Sen Oznur, Erdogan Doventas Yasemin
Ministery of Health Haseki Training and Research Hospital, Department of Anaesthesiology and Reanimation, Istanbul, Turkey.
Ministery of Health Haseki Training and Research Hospital, Department of Biochemistry Department, Istanbul, Turkey.
Braz J Anesthesiol. 2017 Jan-Feb;67(1):28-34. doi: 10.1016/j.bjane.2015.08.015. Epub 2016 Apr 12.
General anesthesia causes reduction of functional residual capacity. And this decrease can lead to atelectasis and intrapulmonary shunting in the lung. In this study we want to evaluate the effects of 5 and 10cmHO PEEP levels on gas exchange, hemodynamic, respiratory mechanics and systemic stress response in laparoscopic cholecystectomy.
American Society of Anesthesiologist I-II physical status 43 patients scheduled for laparoscopic cholecystectomy were randomly selected to receive external PEEP of 5cmHO (PEEP 5 group) or 10cmHO PEEP (PEEP 10 group) during pneumoperitoneum. Basal hemodynamic parameters were recorded, and arterial blood gases (ABG) and blood sampling were done for cortisol, insulin and glucose level estimations to assess the systemic stress response before induction of anesthesia. Thirty minutes after the pneumoperitoneum, the respiratory and hemodynamic parameters were recorded again and ABG and sampling for cortisol, insulin, and glucose levels were repeated. Lastly hemodynamic parameters were recorded; ABG analysis and sampling for stress response levels were taken after 60minutes from extubation.

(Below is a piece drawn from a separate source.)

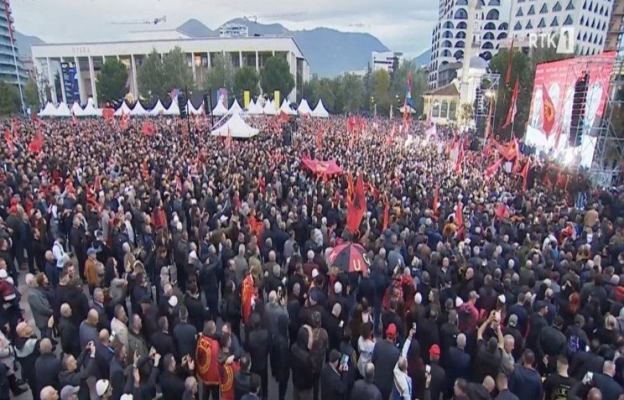 Kryeministri Edi Rama, i cili mungoi në protestën për liderët e UÇK-së në Tiranë, ka ndarë pamje nga sheshi “Skënderbej”, ku u mblodhën mijëra qytetarë nga të gjitha trevat shqiptare. “Zemra mal”, ka shkruar...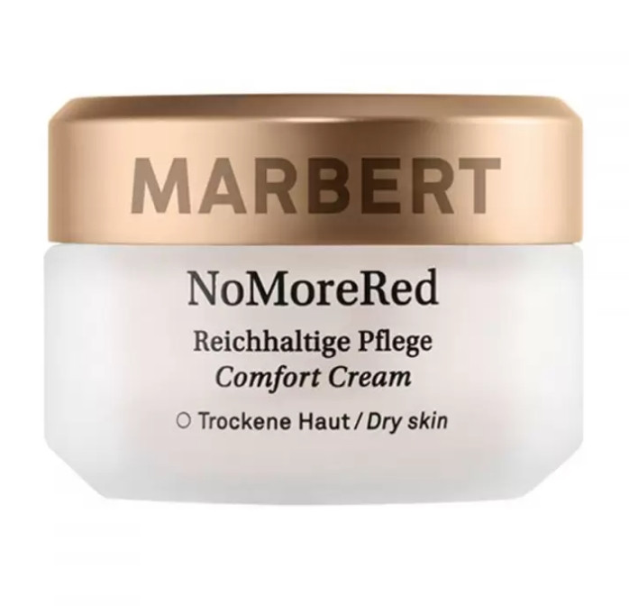 Крем для обличчя проти почервонінь та куперозу для сухої шкіри Marbert NoMoreRed Comfort Cream (Німеччина) — професійна косметика дія якої спрямована на зменшення подразнень та почервонінь на шкірі обличчя. Купероз також знизить свої прояви під час використання засобу. Завдяки активним компонентам вдається захищати дерму від впливу негативних чинників, надавати необхідного зволоження шкірі, сприяти природному сяйву та красі. Крем для обличчя створений для надання шкіряному покриву молодості завдяки антивіковим компонентам в складі. Екстракт мальви якісно впливає на подразнення зменшуючи їх та володіє чудовий anti-age ефектом, а олія календули допомагає усунути судинну сітку з обличчя.

There were no statistical differences between the two groups about hemodynamic and respiratory parameters except mean airway pressure (P). P, compliance and PaO; pH values were higher in 'PEEP 10 group'. Also, PaCO values were lower in 'PEEP 10 group'. No differences were observed between insulin and lactic acid levels in the two groups. But postoperative cortisol level was significantly lower in 'PEEP 10 group'.
Ventilation with 10cmHO PEEP increases compliance and oxygenation, does not cause hemodynamic and respiratory complications and reduces the postoperative stress response.
全身麻醉会导致功能残气量减少。这种减少会导致肺不张和肺内分流。在本研究中,我们想评估5cmH₂O和10cmH₂O呼气末正压(PEEP)水平对腹腔镜胆囊切除术患者气体交换、血流动力学、呼吸力学和全身应激反应的影响。
随机选择43例美国麻醉医师协会身体状况分级为I-II级、计划行腹腔镜胆囊切除术的患者,在气腹期间接受5cmH₂O的外部PEEP(PEEP 5组)或10cmH₂O的PEEP(PEEP 10组)。记录基础血流动力学参数,并采集动脉血气(ABG)和血样以测定皮质醇、胰岛素和葡萄糖水平,以评估麻醉诱导前的全身应激反应。气腹30分钟后,再次记录呼吸和血流动力学参数,并重复采集ABG以及皮质醇、胰岛素和葡萄糖水平的血样。最后记录血流动力学参数;拔管60分钟后进行ABG分析和应激反应水平血样采集。
除平均气道压(P)外,两组的血流动力学和呼吸参数无统计学差异。“PEEP 10组”的P、顺应性和PaO₂;pH值较高。此外,“PEEP 10组”的PaCO₂值较低。两组的胰岛素和乳酸水平无差异。但“PEEP 10组”术后皮质醇水平显著较低。
采用10cmH₂O的PEEP通气可增加顺应性和氧合,不引起血流动力学和呼吸并发症,并降低术后应激反应。